Good point about assumptions being testable (or, as I sometimes like to say, grounded in reality). This is one of Deborah Mayo’s big points about the philosophy of statistics: what makes a method “objective” is not that it is conventional (for example, we can’t simply label a Jeffreys prior as “objective” just because it is a standard choice, and we can’t simply label a maximum likelihood analysis as “objective” just because it is the default textbook thing to do) but rather that it is tied (ideally, in multiple ways) to reality, for example by being motivated from some combination of logical argument and historical data, and being checkable in some way (possibly not until the future) by comparison to data.

Would love a post on the subject: What constitutes a test of an assumption; what assumptions are not testable, and so on? And bonus points if you can slip in a Scott Adams reference. I miss fraac.

One important point here is that it is more precise to ask “what assumptions can be distinguished from what alternatives”. All tests (or visual diagnostics) can distinguish the model assumption from some alternatives but not from others. For example, independence can be distinguished, given enough data, from regular positive or negative dependence between neighboring observations and from some other more complex but regular patterns of dependence, although this requires assumptions about identical distributions, either in the marginals or in innovations or something like this. If every different observation is allowed to follow their own distribution, nothing can be diagnosed about dependence. And whatever you observe can well be explained by some potentially weird dependence pattern or some potentially weird violation of identical distributions, so you can tell neither independence nor identical distributions apart from a “catch-all alternative”.

The implication of this is that although much can be tested, in order to say anything you need to make some kind of i.i.d. (or exchangeability) assumption that cannot be tested, either for the data themselves or at least on some level where it produces a regular pattern of dependence or non-identity as in regression or standard time series models.

Given enough data, we’re all dead.

I’m not sure what property called “independence” you think you’re testing for with all that data (all of which is taken in overlapping light cones), but whatever it is, there is a possibility it isn’t actually being relied on:

http://www.entsophy.net/blog/?p=276

Entsophy: I read this some time ago and it’s a nice result and a good thing to know indeed. However, often in Statistics I am rather interested in having a model (even if this is based on some untestable assumptions, and even if I’m using this rather to discuss its weaknesses than to “believe” it) for the process generating the data rather than some kind of distributional representation of the data that doesn’t attempt to connect in any way to how the data came about.

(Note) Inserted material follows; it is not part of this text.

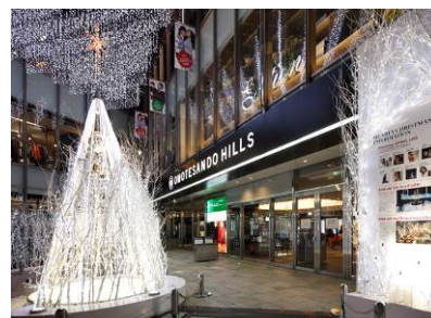
メインエントランス(昨年の様子)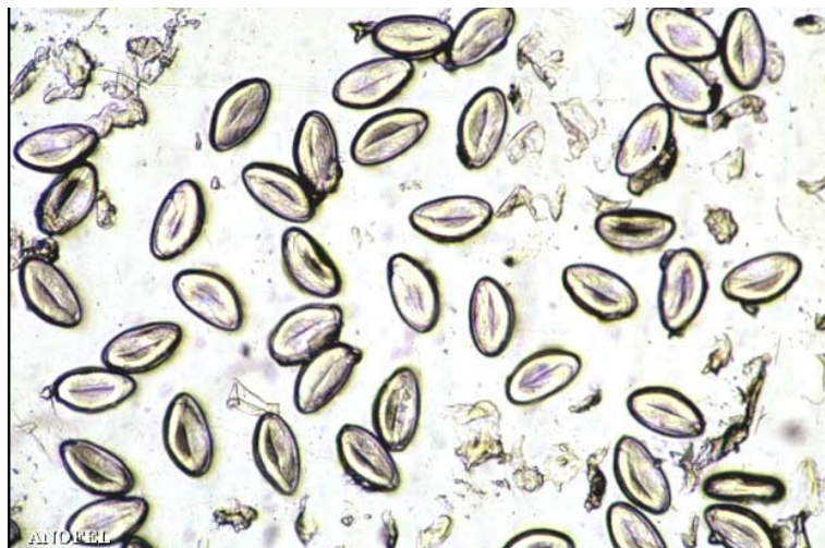
Photo : Scotch-test : Enterobius vermicularis (oxyure). Œufs embryonnés

La méthode de choix pour la mise en évidence des oeufs est d'utiliser la technique du ruban adhésif transparent (ou technique de Graham ou "scotch test") : le matin, de préférence avant la toilette et avant défécation, un fragment de ruban adhésif transparent est appliqué sur les plis radiés de l'anus préalablement dépliés. Le ruban est ensuite collé sur une lame pour être examiné au microscope. Les œufs sont incolores, asymétriques, ovalaires et mesurent 55 par 30 microm.

Christian, that response is like a homeless man currently living in cardboard box who refuses to accept a house as a gift. When asked why they don’t want the house, they respond “because I like having a roof over my head when I sleep”.

How does your “house” give me the roof I want?

> “objective” … being checkable in some way (possibly not until the future)

Would be found too wrong if enquired into sufficiently.

I have been thinking about this quote from Thomas Hoskyns Leonard, A personal history of Bayesian statistics

“It was used [by Ramsey] to demonstrate that Bayesian probability measures can be falsified, and so met an empirical criterion of Charles S. Peirce, whose work inspired Ramsey.”

At least, this does seem consistent with my understanding of Peirce who was none the less very disparaging of Laplace’s indifference priors.